Por Ivana Moreira Enviada especial
Pouso Alegre, MG, 05 (AE) - Subiu para 71,9 mil o número de desabrigados em Minas Gerais. Já são oito os mortos em decorrência das chuvas que castigam principalmente o sul do Estado desde a virada do ano. A situação se complicou hoje em pelo menos duas cidades da região: Santa Rita do Sapucaí e São Lourenço. No fim do dia, eram dez os municípios em estado de calamidade pública e sete em situação de emergência. Com estradas bloqueadas, faltou comida e água potável em várias localidades.
Em Santa Rita do Sapucaí, 30 mil dos 40 mil moradores estão desabrigados ou desalojados - 75% da população. Do trevo da cidade até o centro, só era possível ir de barco. A água atinge mais de um metro em prédios públicos e bancos na praça principal e a ameaça invadir também o hospital local. Foi preciso transferir quatro pacientes, de helicóptero, para Pouso Alegre. Entre eles estavam uma grávida de nove meses e um enfartado.
Em São Lourenço, cidade turística do Circuito das águas, até a sede do Corpo de Bombeiros ficou inundada. Um prédio de três andares desmoronou e foi levado pela correnteza. Não havia energia elétrica na maior parte do município. Pelo menos 4 mil pessoas estavam desabrigadas no fim da tarde.
Balanço - De acordo com o balanço divulgado no começo da noite pela Defesa Civil do Estado, nove cidades estavam isoladas, com o acesso pelas estradas bloqueadas. O Rio Sapucaí Mírim transbordou e foi preciso interditar as duas pistas da Rodovia Fernão Dias, no trecho perto de Pouso Alegre. O engarrafamento na estrada chegou a 10 quilômetros de extensão. "Apesar de a chuva ter diminuído, o volume de água na Bacia do Rio Sapucaí aumentou em vez de baixar como esperávamos", explicou o coordenador da Defesa Civil, tenente coronel James Ferreira Santos. "A terra encharcada não deixa a água baixar".
O governador de Minas, Itamar Franco (sem partido), chegou hoje em Pouso Alegre - para onde a sede do governo foi transferida por decreto - e visitou as regiões alagadas. No fim da tarde, o governador estava em Itajubá, uma das mais atingidas
e também ficou ilhado. Não havia teto para o avião levantar vôo. Além do governador, os principais secretários e a direção das Companhia de Energia Elétrica (Cemig) e Companhia de Saneamento Básico (Copasa) ficarão na região até sexta-feira para fazer o levantamento dos prejuízos.
Prejuízos - O balanço do governo é de que a verba liberada pelo presidente Fernando Henrique Cardoso, R$ 5 milhões para Minas, Rio e São Paulo, é insuficiente para a recuperação. As primeiras estimativas são de que será necessário pelo menos R$ 15 milhões para consertar as estradas e outros R$ 5 milhões para recuperar as estações de tratamento de água. Com o caixa no vermelho, o governo mineiro terá dificuldades para bancar a recuperação.

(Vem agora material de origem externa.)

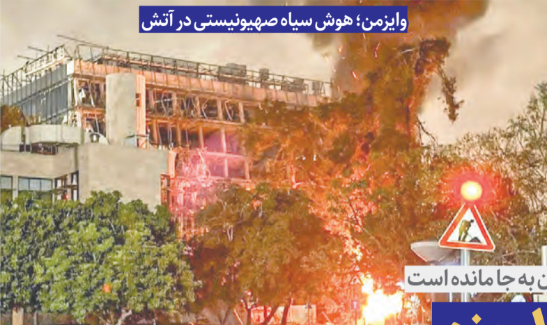
وایزمن؛ هوش سیاه صهیونیستی در آتش

شنبه ۲۳ خرداد ۱۴۰۵ ۲۷ ذی الحجه ۱۴۴۷ ۱۳ ژوئن ۲۰۲۴ سال سی و نهم شماره ۱۰۹۵۰ ۸ صفحه سراسری + ۸ صفحه روزنامه استانی قیمت ۱۰۰۰۰ تومان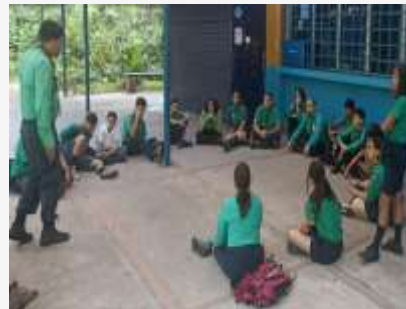
Cumbre Regional 360 Delegados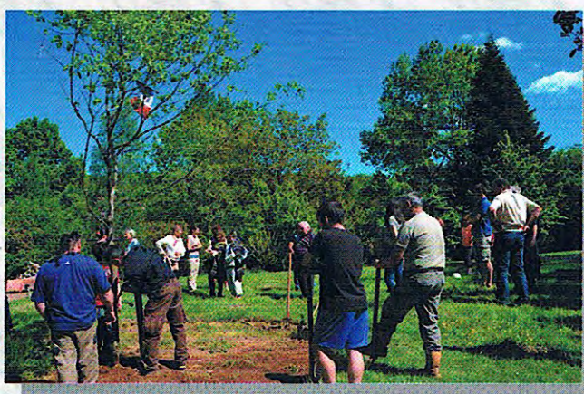
Plantation des Mais (17/05/14)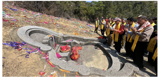
圖 16 廣東六世祖天璋公墓。（資料來源：筆者自攝，拍攝日期：2025 年 3 月 22 日）

因為我們葉家祖先來自福建同安，所以我們是福佬人，在家都是以福佬話做為主要交談的語言；但因相鄰村莊都住著客家人，為了溝通的需要，因此不論大人小孩都會說流利的客家話。 15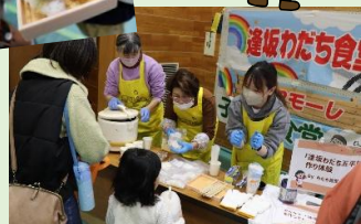
「逢坂わだち五平餅」作り体験 (わだち食堂／大津市)

子ども食堂コーナーでは、県内3食堂がご協力くださり、実際に子ども食堂でも提供している五平餅や人気のゲームなどでたくさんの子どもの笑顔をしてくださいました。子どもたちを見守る優しいまなざしや大人も子どもと一緒に楽しんでいる姿があたたかく活気があふれる空間でした(^ ^)

Itamar Franco chegou a sugerir que o governo federal deveria desbloquear os recursos do Estado para que o dinheiro fosse gasto na assistência às vítimas da enchente. Desde a decretação da moratória, mais de R$ 700 milhões foram bloqueados pela União. No entanto, o secretário da Casa Civil, Henrique Hargreves, não acredita em qualquer ajuda por parte do governo federal. "Conheço o outro lado e não tenho esperanças". Campanhas - Durante todo o dia de hoje, as rádios locais divulgaram campanhas para doações. As emissoras também apelavam para que as pessoas não insistissem em ficar em suas casas alagadas. Cestas básicas, colchões e cobertores da Defesa Civil chegaram hoje junto com o governador. Mas só começam a ser distribuídas amanhã. Até hoje, nos alojamentos em escolas públicas e igrejas os desabrigados dependiam das doações da população e do trabalho de voluntários.
O clínico Luciano Jardim foi um dos médicos voluntários que atendeu desabrigados do bairro São Geraldo, em Pouso Alegre. Além de uma criança com pneumonia, o médico constatou casos de diarréia e dor de estômago de fundo emocional. "Não vejo a hora disso tudo passar", desabafou a vendedora Maria Titon, que teve de abandonar a casa onde vivia com os três filhos, um deles com apenas dez meses de vida. Maria só conseguiu salvar a geladeira e o fogão.